On April 23, 2019, a Kentucky appellate court overruled an earlier decision that had allowed a novel suit filed by eight individual beneficiaries of the Kentucky Employees Retirement System ("KRS"). The earlier decision allowed a suit against two investment managers for allegedly poor performance of hedge funds managed by the investment managers (although the performance of the funds met or exceeded the stated target in KRS' investment guidelines), to proceed as a “derivative” action purportedly on behalf of KRS, as well as on a primary basis on the argument that the plaintiffs had standing due to their status as Kentucky taxpayers.
The lower court ruling was significant for private fund managers that have accepted or are considering accepting investments from Kentucky plans, as it had the potential to expose managers to liability to Kentucky pension plan beneficiaries.
The Kentucky appellate court determined that the lower court was incorrect, and that plaintiffs lacked standing to sue. Specifically, the appellate court found that:
- The financial injury was too speculative. The plaintiffs did not allege that their benefits would decrease as a result of any purported investment underperformance. Instead, they asserted only that KRS is currently in a budgetary shortfall. Therefore, the plaintiffs’ claims were based on “fears of a hypothetical future harm” rather than “actual or imminent” injury.

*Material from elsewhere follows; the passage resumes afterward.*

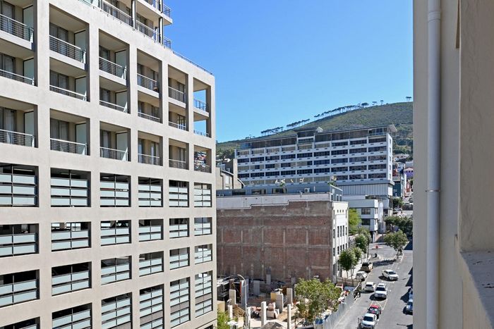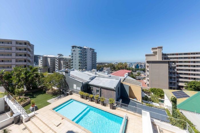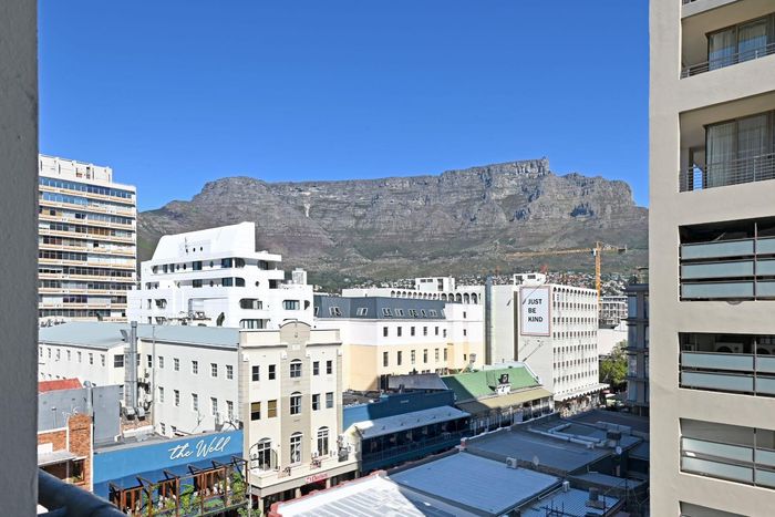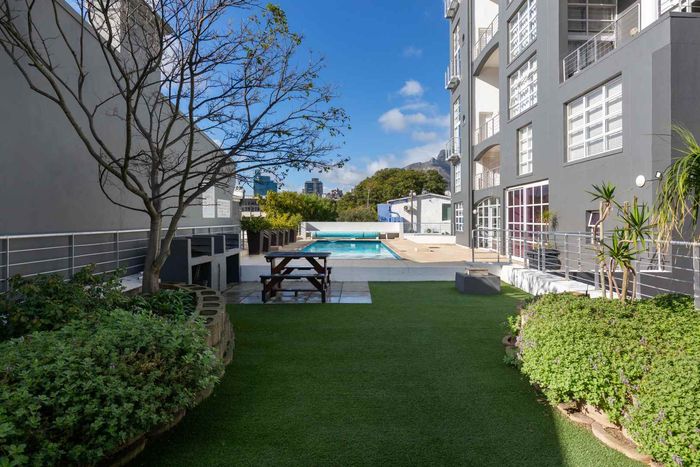 Lock-up-and-go urban living on Church Square with partial Table Mountain views; turnkey, furnished with Bosch appliances and pool access — two bedrooms, two bathrooms and secure parking.

- The statute setting forth standards of conduct and duties for KRS trustees did not create standing without an actual injury.
- Plaintiffs could not have standing based on an argument that the beneficiary of a trust can sue when a trustee cannot or will not do so, because KRS is not a trust under Kentucky law.
- The plaintiffs did not have “taxpayer standing,” based on the idea that a citizen may have standing to sue because the financial state of KRS could result in increased contributions by the State of Kentucky and, by extension, its taxpayers. Plaintiffs had merely speculated that their taxes could be raised, rather than alleging that any specific bill, law, levy or expenditure had caused them injury. Even if the plaintiffs had pointed to a specific injury, they would also need to argue that it was caused by the investment managers’ actions, and that it was possible for the court to redress.